● Supplied material:
◇ ◇ ◇ ◇

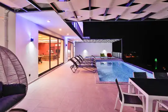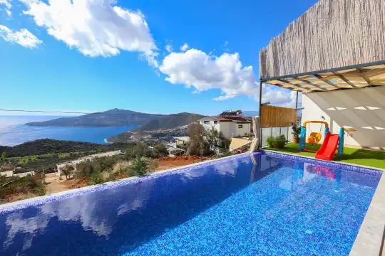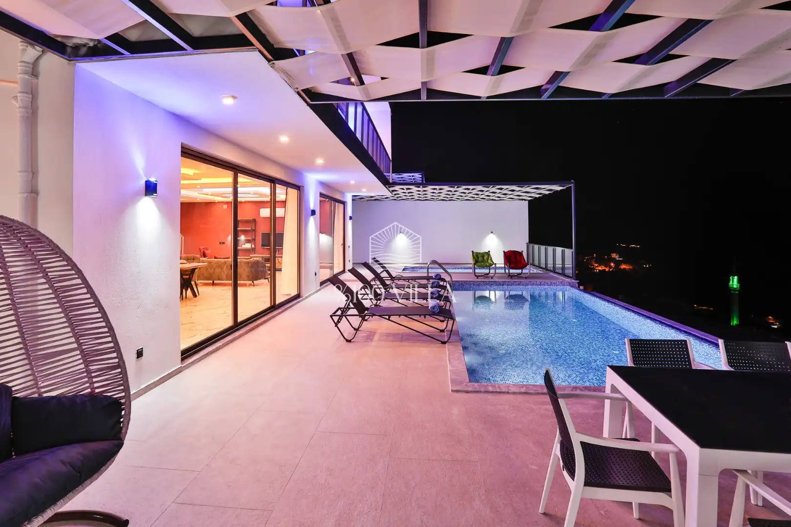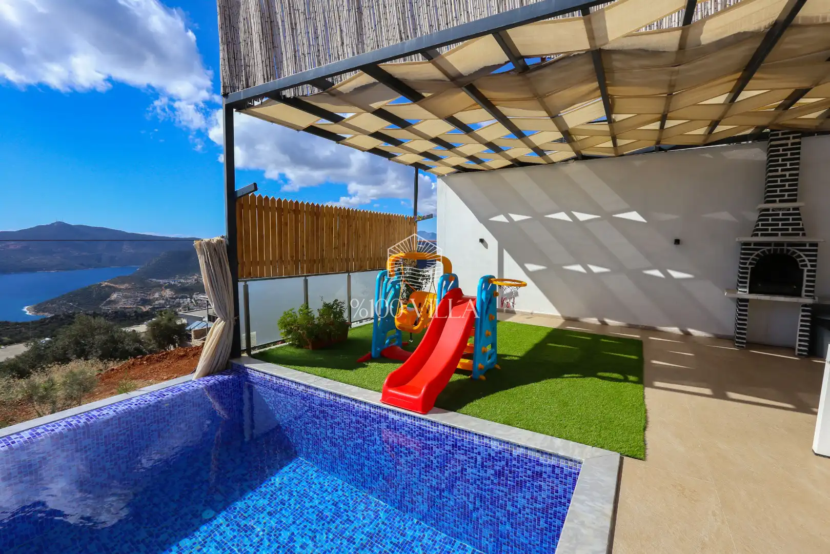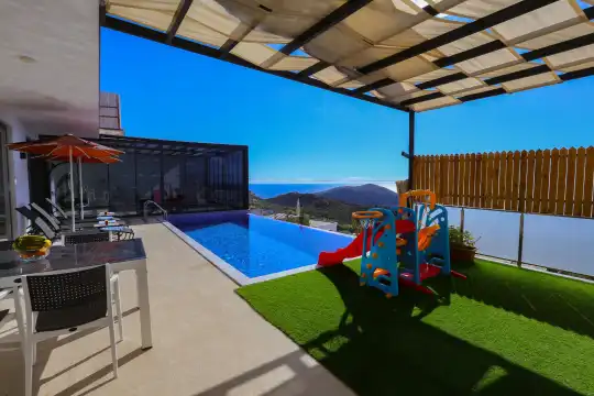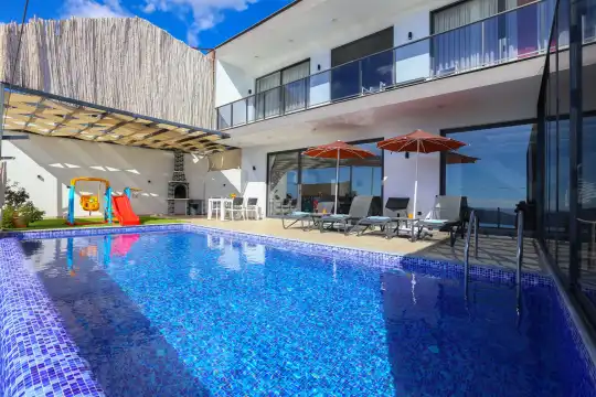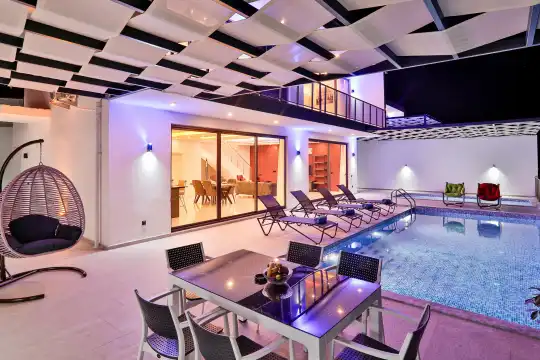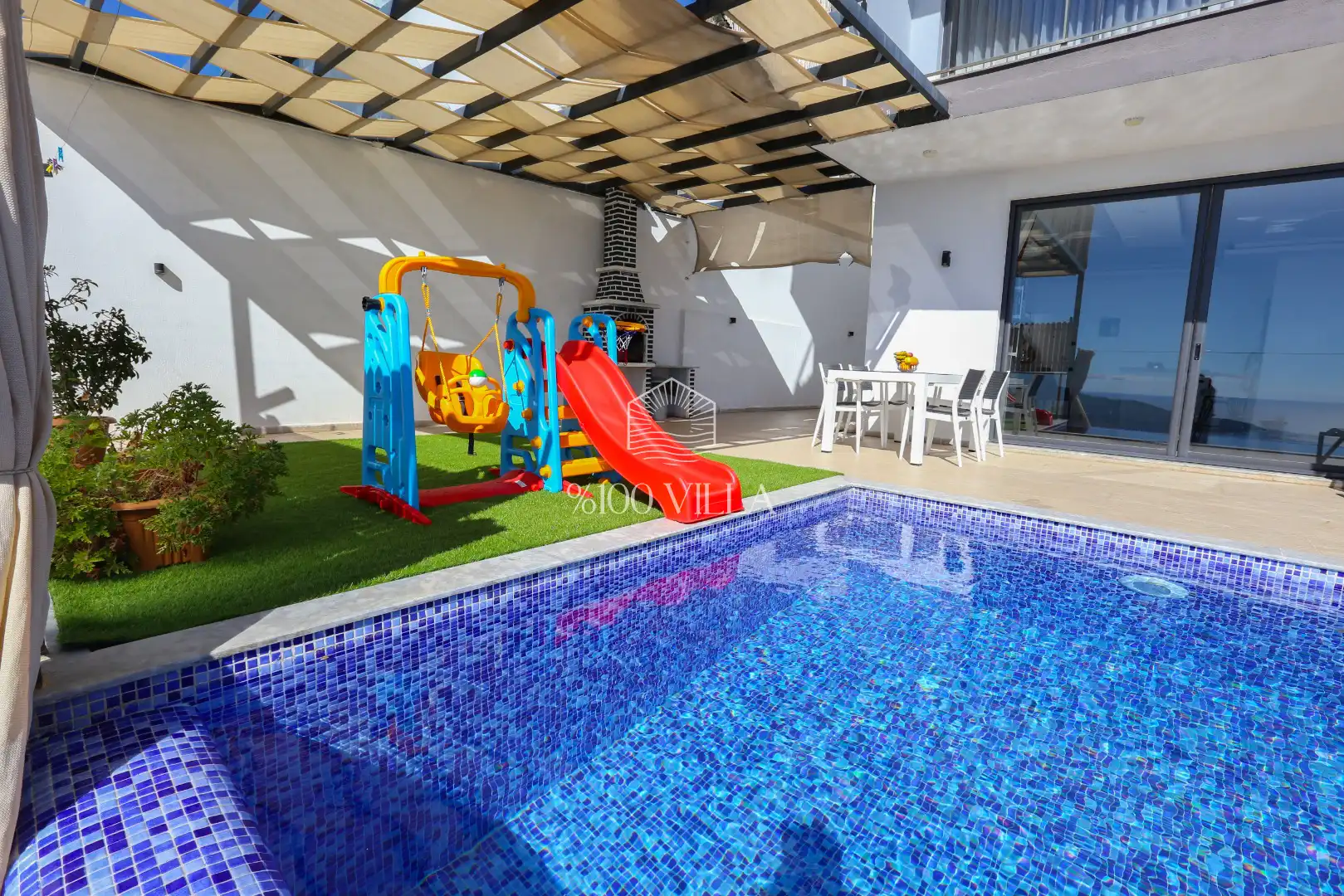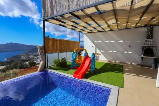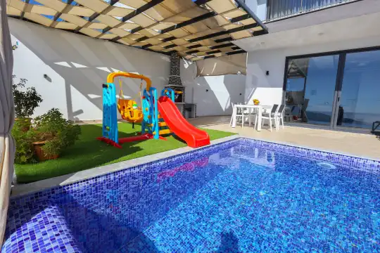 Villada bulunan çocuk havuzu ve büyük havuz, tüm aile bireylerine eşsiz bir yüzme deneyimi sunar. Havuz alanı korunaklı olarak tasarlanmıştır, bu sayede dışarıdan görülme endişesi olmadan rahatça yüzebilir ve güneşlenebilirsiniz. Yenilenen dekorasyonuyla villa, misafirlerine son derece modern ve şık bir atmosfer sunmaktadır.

◇ ◇ ◇ ◇

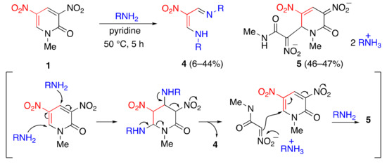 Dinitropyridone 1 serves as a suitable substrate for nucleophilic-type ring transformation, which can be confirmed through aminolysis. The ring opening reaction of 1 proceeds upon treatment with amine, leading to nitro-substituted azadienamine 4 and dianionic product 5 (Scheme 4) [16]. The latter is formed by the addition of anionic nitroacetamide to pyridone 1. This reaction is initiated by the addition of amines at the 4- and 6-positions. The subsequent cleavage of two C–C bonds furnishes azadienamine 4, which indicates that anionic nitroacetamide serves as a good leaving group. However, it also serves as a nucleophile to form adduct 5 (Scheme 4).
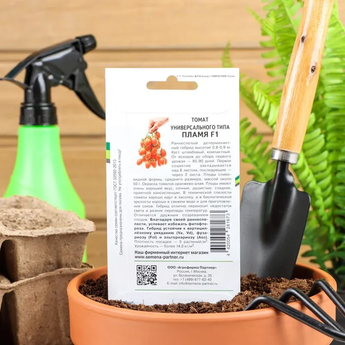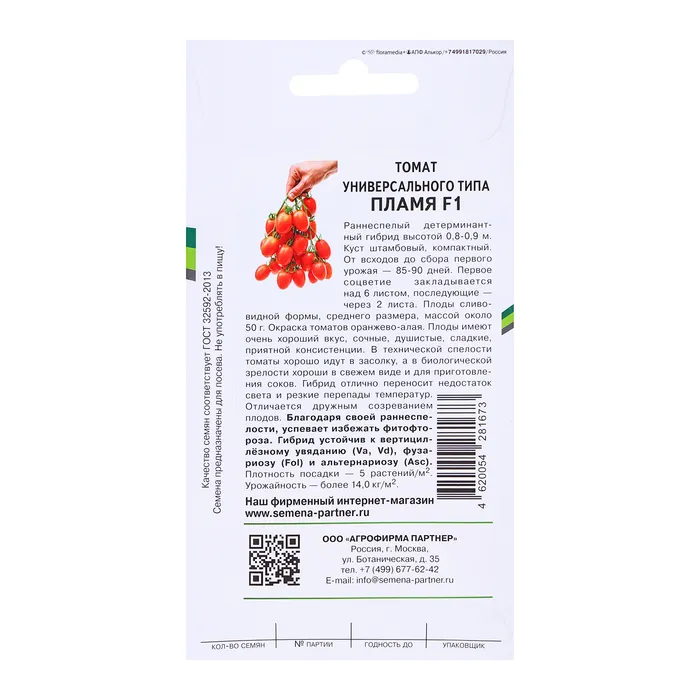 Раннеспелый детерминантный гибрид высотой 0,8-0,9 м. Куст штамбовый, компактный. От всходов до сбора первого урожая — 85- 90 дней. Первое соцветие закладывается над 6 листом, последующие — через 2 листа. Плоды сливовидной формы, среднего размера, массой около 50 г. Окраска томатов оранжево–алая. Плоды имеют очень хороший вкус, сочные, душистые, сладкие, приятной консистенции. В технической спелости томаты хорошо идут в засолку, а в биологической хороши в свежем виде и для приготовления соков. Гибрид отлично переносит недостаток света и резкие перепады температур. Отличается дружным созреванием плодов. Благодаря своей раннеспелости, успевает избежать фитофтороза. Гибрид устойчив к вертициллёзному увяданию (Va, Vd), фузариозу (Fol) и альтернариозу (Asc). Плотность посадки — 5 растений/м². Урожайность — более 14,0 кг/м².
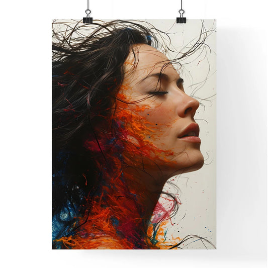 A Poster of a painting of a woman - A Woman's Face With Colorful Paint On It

◇ ◇ ◇ ◇

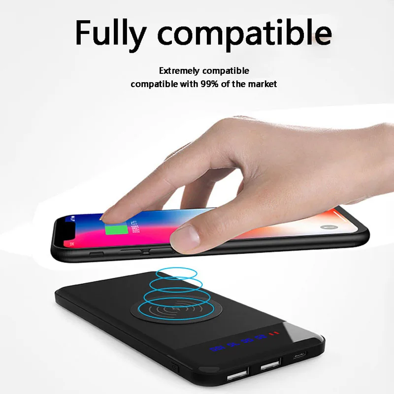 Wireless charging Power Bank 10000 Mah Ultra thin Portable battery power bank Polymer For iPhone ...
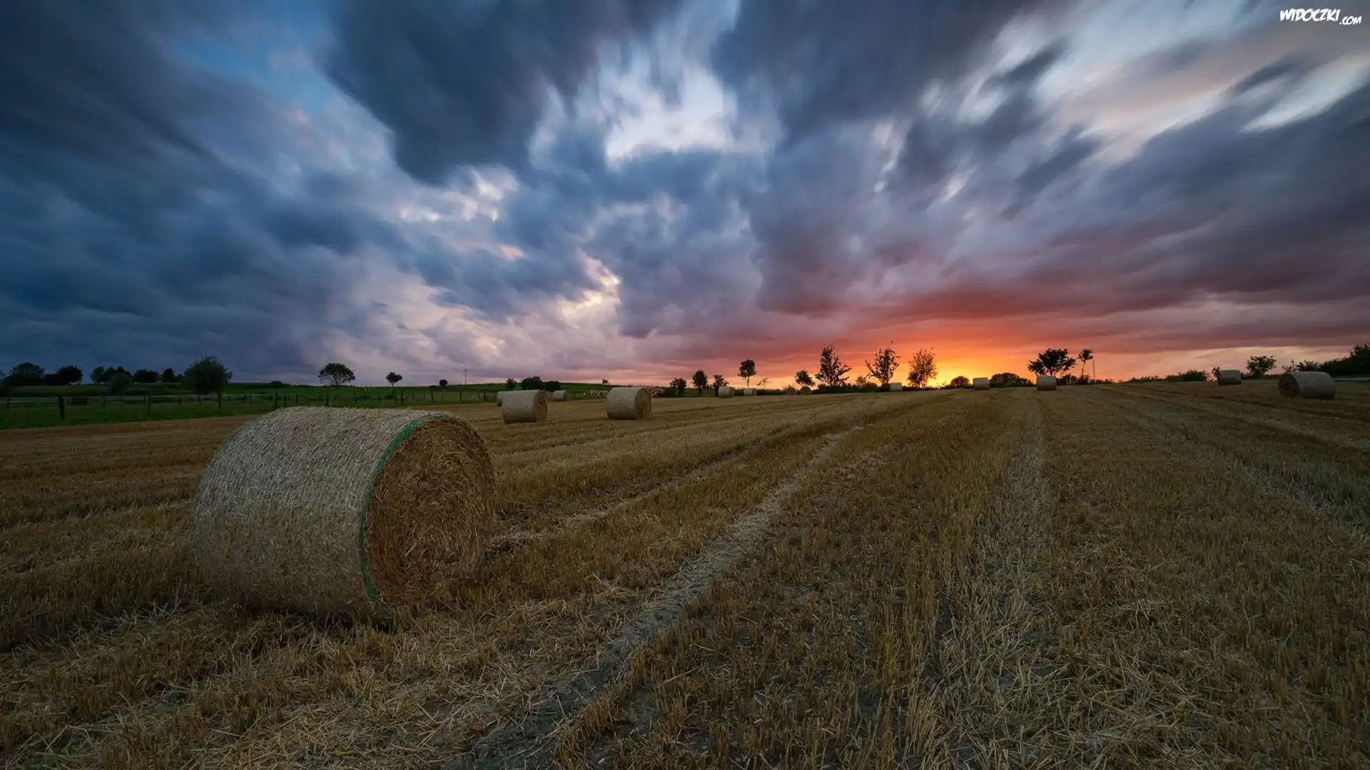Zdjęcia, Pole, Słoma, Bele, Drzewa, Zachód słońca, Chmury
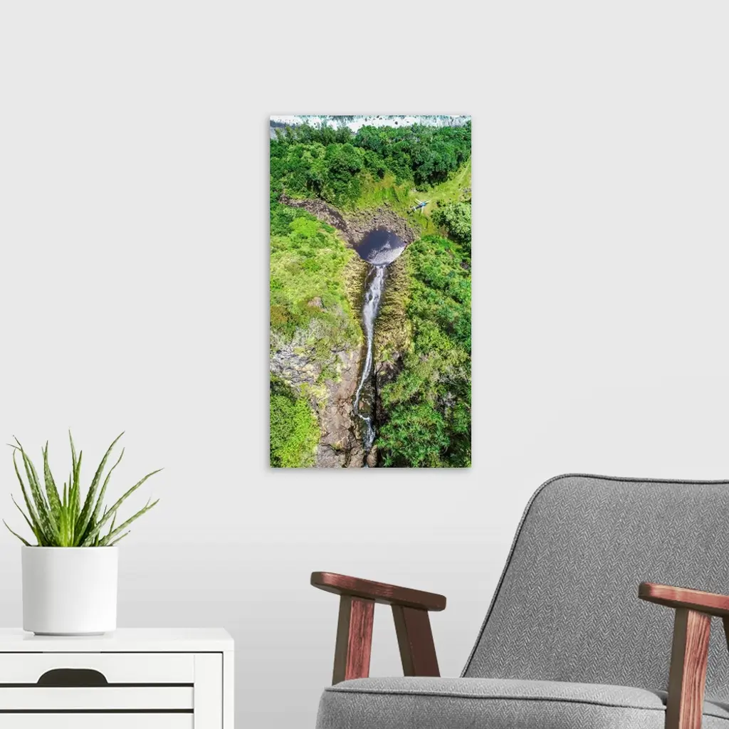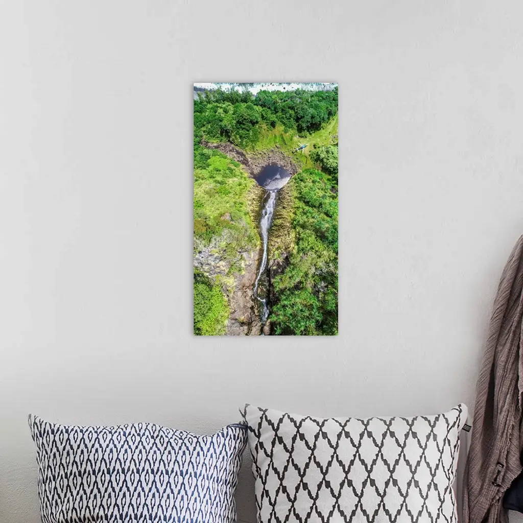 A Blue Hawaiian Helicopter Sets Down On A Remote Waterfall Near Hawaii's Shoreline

◇ ◇ ◇ ◇

● Assignment: Among the records above, locate the line containing "Раннеспелый детерминантный гибрид" and the line containing "A Poster of", then transcribe exactly the lines starting at the first and ending at the second, with no pictures.

● Problem solution:
 Раннеспелый детерминантный гибрид высотой 0,8-0,9 м. Куст штамбовый, компактный. От всходов до сбора первого урожая — 85- 90 дней. Первое соцветие закладывается над 6 листом, последующие — через 2 листа. Плоды сливовидной формы, среднего размера, массой около 50 г. Окраска томатов оранжево–алая. Плоды имеют очень хороший вкус, сочные, душистые, сладкие, приятной консистенции. В технической спелости томаты хорошо идут в засолку, а в биологической хороши в свежем виде и для приготовления соков. Гибрид отлично переносит недостаток света и резкие перепады температур. Отличается дружным созреванием плодов. Благодаря своей раннеспелости, успевает избежать фитофтороза. Гибрид устойчив к вертициллёзному увяданию (Va, Vd), фузариозу (Fol) и альтернариозу (Asc). Плотность посадки — 5 растений/м². Урожайность — более 14,0 кг/м².
 A Poster of a painting of a woman - A Woman's Face With Colorful Paint On It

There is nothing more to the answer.